R#3 Q1-Ablations Plain-MoE is from [9]. The efficacy of content regularization loss (frequency swapping) and differentiated loss are validated in Table 2. By introducing modality indicators, 0.45% (88.16% vs 88.61) and 1.67% (72.48% vs 74.15%) Dice gains can be found on the two datasets with 25% labels.
Q2-Clarity of TextMoE TextMoE is a teacher-student framework with: 1) a text-guided MoE block with modality indicators that enhances visual features using textual cues, 2) a content regularization loss (L_cr) for unlabeled data learning via frequency exchange, and 3) a differentiated loss (L_diff) for diverse expert learning. We will improve the diagram and description.

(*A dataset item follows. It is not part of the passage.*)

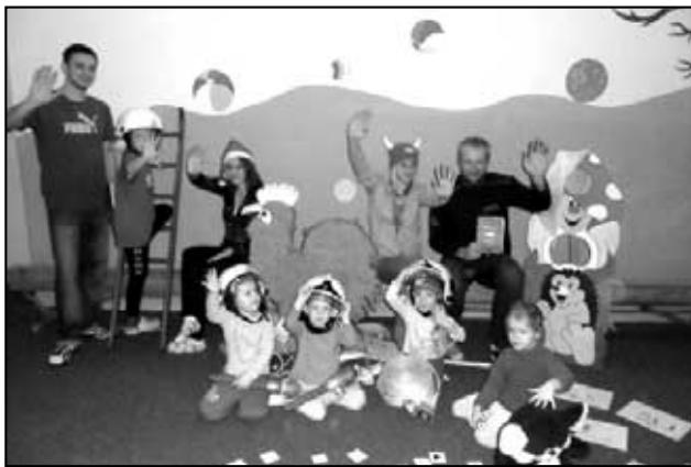
Hasiči Háj (přípravka) posílali na Vánoce pozdravy.

I přes řádící chřipku se nám podařilo postavit téměř 4 týmy, což už samo o sobě byl úspěch. Letos jsme měli štěstí a zima nebyla tak tvrdá, jako v jiných letech, avšak místo toho nám závod znepríjemnil déšť, který trasu dost rozbahnil, takže občas to místo běhu vypadalo spíše jako přeskokování kaluží. Na závod se dlouho připravoval a také těšil tým z přípravky, který ještě před pár měsíci byl týmem „nováčků“. Avšak na závodech tento tým ukázal, že se mezi nováčky už neřadí, ba naopak že se jeho členové považují za profesionály právem konkurující svým soupeřům. Naproti tomu tým mladších žáků, který letos přešel z kategorie příprava postupně zjistil, že v nové kategorii je čeká řada těžkých soupeřů a že vítězství určitě nedostanou zadarmo. V kategorii mladší byly

Q3-Significant gains over DuSSS Gains stem from TextMoE’s unified design, which enables joint learning across heterogeneous CT-text and X-ray-text modalities within a single framework. This unified approach allows the model to be exposed to a wider variety of data distributions and learn more generalized and robust representations, leading to improved gains, particularly in low-data settings. Source code will be released for reproducibility.
Meta-Review
Meta-review #1
- Your recommendation
Invite for Rebuttal
- If your recommendation is “Provisional Reject”, then summarize the factors that went into this decision. In case you deviate from the reviewers’ recommendations, explain in detail the reasons why. You do not need to provide a justification for a recommendation of “Provisional Accept” or “Invite for Rebuttal”.
N/A
- After you have reviewed the rebuttal and updated reviews, please provide your recommendation based on all reviews and the authors’ rebuttal.
Reject
- Please justify your recommendation. You may optionally write justifications for ‘accepts’, but are expected to write a justification for ‘rejects’
N/A
Meta-review #2
- After you have reviewed the rebuttal and updated reviews, please provide your recommendation based on all reviews and the authors’ rebuttal.
Accept
- Please justify your recommendation. You may optionally write justifications for ‘accepts’, but are expected to write a justification for ‘rejects’
Although some minor issues, including the necessary of text modality, the overall technical contributions meets the bar of MICCAI.
Meta-review #3
- After you have reviewed the rebuttal and updated reviews, please provide your recommendation based on all reviews and the authors’ rebuttal.
Reject
- Please justify your recommendation. You may optionally write justifications for ‘accepts’, but are expected to write a justification for ‘rejects’
This is a paper with contrastive views. There are several concerns raised by one reviewer, which seems not well addressed in the rebuttal, including the clarity/motivation of the teacher-student model, and more importantly, the necessity of adding text modality to improve the vision task performance. My assessment is that this paper might be just around/below the bar.